Resolusi hidup dalam Islam tidak lahir dari euforia,
melainkan dari muhasabah (evaluasi diri). Umar bin Khattab ra. berkata: “Hisablah
dirimu sebelum kamu dihisab, dan timbanglah amalmu sebelum ia ditimbang.”
Pernyataan ini mencerminkan etos Islam dalam membangun
perubahan: perbaikan dimulai dari kesadaran atas kekurangan diri. Muhasabah
membantu seorang Muslim mengidentifikasi kegagalan moral, kelalaian ibadah,
serta kesalahan sosial yang perlu diperbaiki. Dari proses inilah resolusi hidup
disusun, bukan sebagai janji kosong, tetapi sebagai langkah sadar menuju
perbaikan berkelanjutan.
Islam tidak mengenal resolusi yang berhenti pada
wacana. Resolusi hidup harus terwujud dalam amal nyata (amal saleh).
Al-Qur’an secara konsisten mengaitkan iman dengan amal: “Sesungguhnya
orang-orang yang beriman dan beramal saleh, bagi mereka surga sebagai tempat
tinggal.” (QS. al-Kahfi: 107)
Resolusi hidup dalam Islam berarti meningkatkan
kualitas amal, bukan sekadar kuantitasnya. Ini mencakup perbaikan shalat,
kejujuran dalam bekerja, tanggung jawab dalam keluarga, serta kontribusi dalam
kehidupan sosial. Dengan demikian, resolusi hidup tidak bersifat egoistik,
tetapi berdampak luas bagi kemaslahatan umat.
Salah satu tantangan terbesar dalam resolusi hidup
adalah konsistensi.
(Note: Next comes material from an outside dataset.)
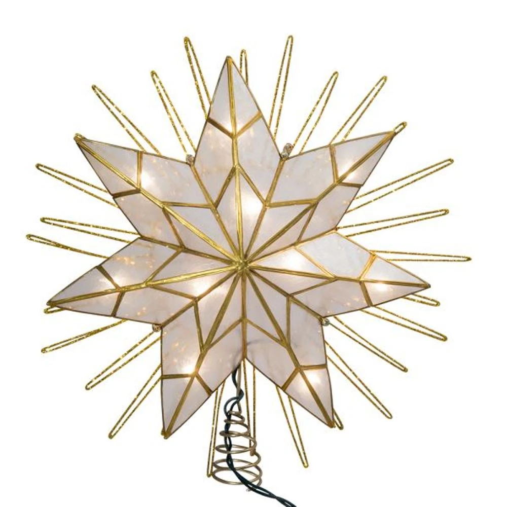 This 7-point natural capiz star lighted treetop is a beautiful way to accent the lighting and décor of your Christmas tree. Featuring a large 7-point star made of natural capiz giving it a frosted look, framed by several surrounding wire ray accents, this bright star has a glittery gold-plated finish.
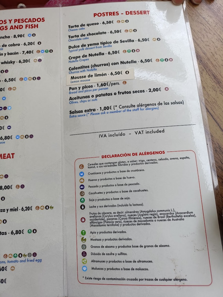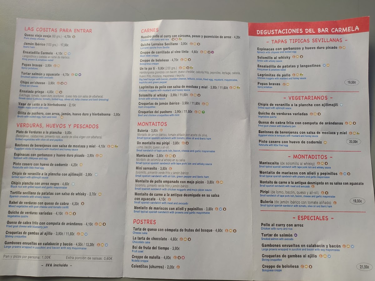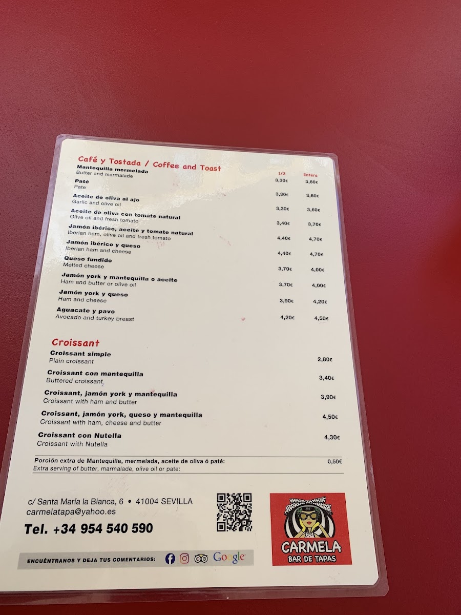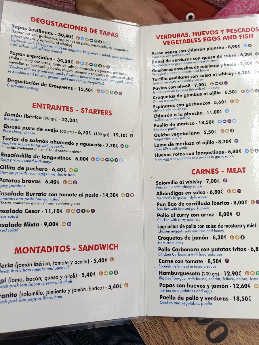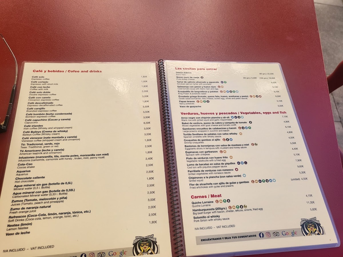 In addition to food, the beverage selection includes classic Spanish drinks such as tinto de verano and vermouth, complemented by wine and other refreshments suitable for casual dining. The menu accommodates different times of day, offering options that work well for breakfast, light meals, or snacks throughout the day.

Islam menempatkan istiqamah sebagai nilai utama.
Rasulullah ﷺ
bersabda: “Katakanlah aku beriman kepada Allah, kemudian istiqamahlah.” (HR.
Muslim)
Hadis ini menegaskan bahwa keberhasilan resolusi hidup
bukan pada momentum awalnya, tetapi pada keberlanjutan komitmen moral dan
spiritual. Islam lebih menghargai amal kecil yang konsisten daripada perubahan
besar yang bersifat sementara. Oleh karena itu, resolusi hidup dalam Islam
bersifat realistis, bertahap, dan berkelanjutan.
Resolusi hidup dalam Islam tidak boleh terlepas dari
tanggung jawab sosial. Seorang Muslim tidak hanya dituntut menjadi pribadi
saleh, tetapi juga agen perbaikan sosial (muslih). Allah SWT berfirman: “Kamu
adalah umat terbaik yang dilahirkan untuk manusia, menyuruh kepada yang ma’ruf
dan mencegah dari yang mungkar.” (QS. Ali ‘Imran: 110)
Ayat ini menegaskan bahwa resolusi hidup seorang
Muslim idealnya mencakup komitmen untuk memperjuangkan keadilan, kejujuran, dan
kemaslahatan publik. Resolusi hidup yang hanya berorientasi pada kesuksesan
pribadi tanpa kepedulian sosial bertentangan dengan spirit Islam yang holistik.
Islam juga mengingatkan bahaya resolusi yang bersifat
ilusif dan tidak dibangun di atas kesadaran iman. Resolusi yang hanya mengikuti
tren, tekanan sosial, atau ambisi duniawi semata berpotensi melahirkan
kekecewaan. Al-Qur’an mengingatkan: “Ketahuilah bahwa kehidupan dunia
hanyalah permainan, senda gurau, perhiasan, dan saling bermegah-megahan.” (QS.
al-Hadid: 20). Ayat ini mengingatkan agar resolusi hidup tidak terjebak pada
ilusi dunia yang fana, tetapi diarahkan pada nilai-nilai yang kekal.
Resolusi hidup dalam Islam adalah proses spiritual dan
moral yang berakar pada niat yang ikhlas, dibangun melalui muhasabah,
diwujudkan dalam amal saleh, dan dijaga dengan istiqamah. Resolusi bukan
sekadar daftar target tahunan, melainkan komitmen seumur hidup untuk berjalan
di jalan Allah. Dengan orientasi akhirat, resolusi hidup menjadi sarana
transformasi diri dan masyarakat menuju kehidupan yang lebih adil, bermakna,
dan diridhai Allah SWT.
Referensi
Al-Bukhari, M. I. (2002). Ṣaḥīḥ al-Bukhārī.
Beirut: Dār Ibn Kathīr.
Muslim, I. H. (2006). Ṣaḥīḥ Muslim. Riyadh: Dār
Ṭayyibah.
Al-Qur’an al-Karim.
Al-Ghazali, A. H. (2011). Ihya’ ‘Ulum al-Din.
Beirut: Dār al-Kutub al-‘Ilmiyyah.
Qardhawi, Y. (1999). Fiqh al-Hayah. Cairo:
Maktabah Wahbah.
Majelis Ulama Indonesia. (2023). Muhasabah dan
Makna Pergantian Waktu dalam Islam. Jakarta: MUI.